Susan Bolton scite author profile

[1] The results of a 3 year field study to observe the processes controlling snow interception by forest canopies and under canopy snow accumulation and ablation in mountain maritime climates are reported. The field study was further intended to provide data to develop and test models of forest canopy effects on beneath-canopy snowpack accumulation and melt and the plot and stand scales. Weighing lysimeters, cut-tree experiments, and manual snow surveys were deployed at a site in the Umpqua National Forest, Oregon (elevation 1200 m). A unique design for a weighing lysimeter was employed that allowed continuous measurements of snowpack evolution beneath a forest canopy to be taken at a scale unaffected by variability in canopy throughfall.
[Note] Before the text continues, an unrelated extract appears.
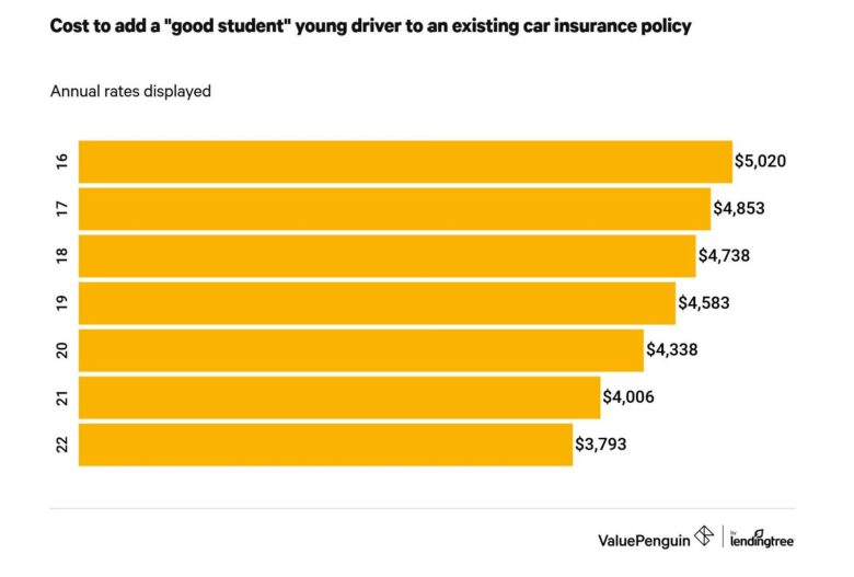 The cost to add a teen or young-adult driver who qualifies for a good student discount to an existing policy results in 6% savings a year, on average, from ages 16 to 22. Families of 16- and 17-year-old drivers whose grades are high enough to qualify for the discount can save the most, as there’s a 7% difference between the cost of insurance with and without the savings.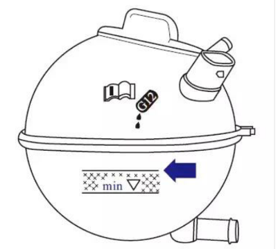 檢查冷卻液的液面位置。冷卻液的液面位置應(yīng)在低和滿兩條標(biāo)記線之間。如果液面位置低,則應(yīng)檢查是否有滲漏,并添加冷卻液至上標(biāo)記線位置。

Continuous observations of snowpack evolution in large clearings were made coincidentally with the canopy measurements. Large differences in snow accumulation and ablation were observed at sites beneath the forest canopy and in large clearings. These differences were not well described by simple relationships between the sites. Over the study period, approximately 60% of snowfall was intercepted by the canopy (up to a maximum of about 40 mm water equivalent). Instantaneous sublimation rates exceeded 0.5 mm per hour for short periods. However, apparent average sublimation from the intercepted snow was less than 1 mm per day and totaled approximately 100 mm per winter season. Approximately 72 and 28% of the remaining intercepted snow was removed as meltwater drip and large snow masses, respectively. Observed differences in snow interception rate and maximum snow interception capacity between Douglas fir (Pseudotsuga menziesii), white fir (Abies concolor), ponderosa pine (Pinus ponderosa), and lodgepole pine (Pinus contorta) were minimal.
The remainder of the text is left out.